You are viewing a plain text version of this content. The canonical link for it is here.
Posted to user@commons.apache.org by "email@thorstenschaefer.de" <em...@thorstenschaefer.de> on 2013/11/12 23:58:13 UTC

[MATH] Restricted hierarchical clustering

I saw Thomas’ patch in https://issues.apache.org/jira/browse/MATH-959 which aims to add support for HAC to commons-math. However, I am just faced with a use case and wonder if/how this could be done either with existing methods or the proposed HAC algorithm there.

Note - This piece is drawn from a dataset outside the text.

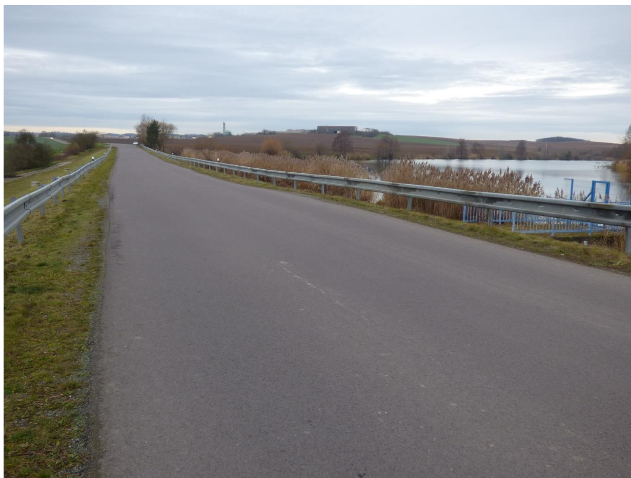
Obr. 1 Koruna hráze, asfaltová silnice III/12249 směr Rouchovany – Skryje [8]

* kóta přepočtená z [2] na novou úroveň zaměření dle [3] (připočteno 0,7 m)

Lets assume we have items to 1000 cluster. Each item represents a sequence, e.g. AB, AC, AD, …, BA, BB, BC, …, ZA, …, ZZ and I can assign data points  to each item which can be used to calculate their similarity/distance. My goal is to create 50 clusters containing all sequences – this can be done pretty straight forward using KMeans++.
However, lets assume we want a hierarchical cluster,  with 10 clusters at level 1 and 50 at level 2. At level one, I have the restriction that the first element in the sequence needs to be assigned to a unique cluster, e.g., the structure should look something like this:
Cluster1: A, B, C
Cluster1.1: AA, AC, AD, AE, …, BD, BE, BF, … CA
Cluster1.2: AB,BA,BC,BD,CB,CC,CD, …
…
Cluster1.7: AY,AZ,BZ,CZ
// cluster 1 has 7 subclusters.
Cluster2: D, E, F
…
Cluster3: G
Cluster3.1: GA,GB …, GU
Cluster3.2: GV, GW,… GZ
// note that cluster 3 has only 2 sub clusters
Cluster4: H, I
…
Cluster 10: W, X, Y, Z
// all sub clusters from cluster1 to cluster10 should add up to 50

Hence, all sequences in a cluster in level 2 need to have its sequence prefix in the parent cluster. Furthermore, even though I want 10 clusters on level 1 and 50 on level 2, it does not mean that each level 1 cluster should necessarily have 5 child clusters.

I hope its clear enough to get the general restriction I want to ensure and I wonder how this could be implemented using the clustering algorithms in commons-math.

Cheers,

Thorsten

Re: [MATH] Restricted hierarchical clustering

Posted by Thomas Neidhart <th...@gmail.com>.
Hi Thorsten,

this sounds like a very specific use-case of a hierarchical clustering.
I could imagine the following way to achieve it:

 * first cluster all data points with kmeans, with a k=50 as you would like
to have 50 clusters on level 2
 * take the 50 clusters and feed them into a HAC like algorithm which
finishes when the number of level 1 clusters have been formed ( = 10 )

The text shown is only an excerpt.